The field of large language models (LLMs) is moving towards improving efficiency and scalability, particularly in resource-constrained environments. Researchers are exploring innovative methods to reduce memory usage, increase parallelism, and enhance performance. Notably, advances in speculative decoding, distributed inference, and mixture-of-experts (MoE) architectures are paving the way for faster and more cost-effective deployment of LLMs.
Several papers have made significant contributions to this area, including the development of device-aware inference engines, distributed inference platforms, and novel scheduling strategies.

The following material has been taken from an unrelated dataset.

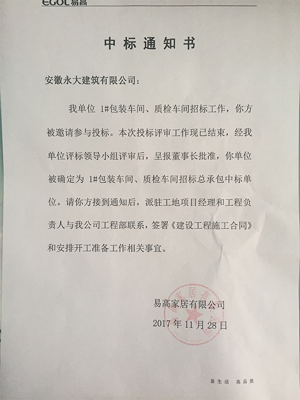我單位1#包裝車間、質(zhì)檢車間招標工作,你方被邀請參與投標。本次投標評審工作現(xiàn)已結(jié)束,經(jīng)我單位評標領(lǐng)導(dǎo)小組評審后,呈報董事長批準,你單位被確定為1#包裝車間、質(zhì)檢車間招標總承包中標單位。請你方接到通知后,派駐工地項目經(jīng)理和工程負責人與我公司工程部聯(lián)系,簽署《建設(shè)工程施工合同》和安排開工準備工作相關(guān)事宜。

Some particularly noteworthy papers include: SpecMemo, which achieves 96% of overall throughput from speculative decoding on MT-Bench with reduced generation-memory by 65% on single Nvidia Titan RTX. DistMLIP enables efficient MLIP parallelization through graph partitioning, allowing multi-device inference on flexible MLIP model architectures. APEX, a novel scheduling strategy that maximizes CPU-GPU parallelism during hybrid LLM inference, improving throughput by 84% - 96% on NVIDIA T4 and 11% - 89% on A10 GPUs. FlashDMoE, a fully GPU-resident MoE operator that fuses expert computation and inter-GPU communication into a single persistent GPU kernel, achieving up to 6x lower latency and 5.7x higher throughput compared to state-of-the-art baselines.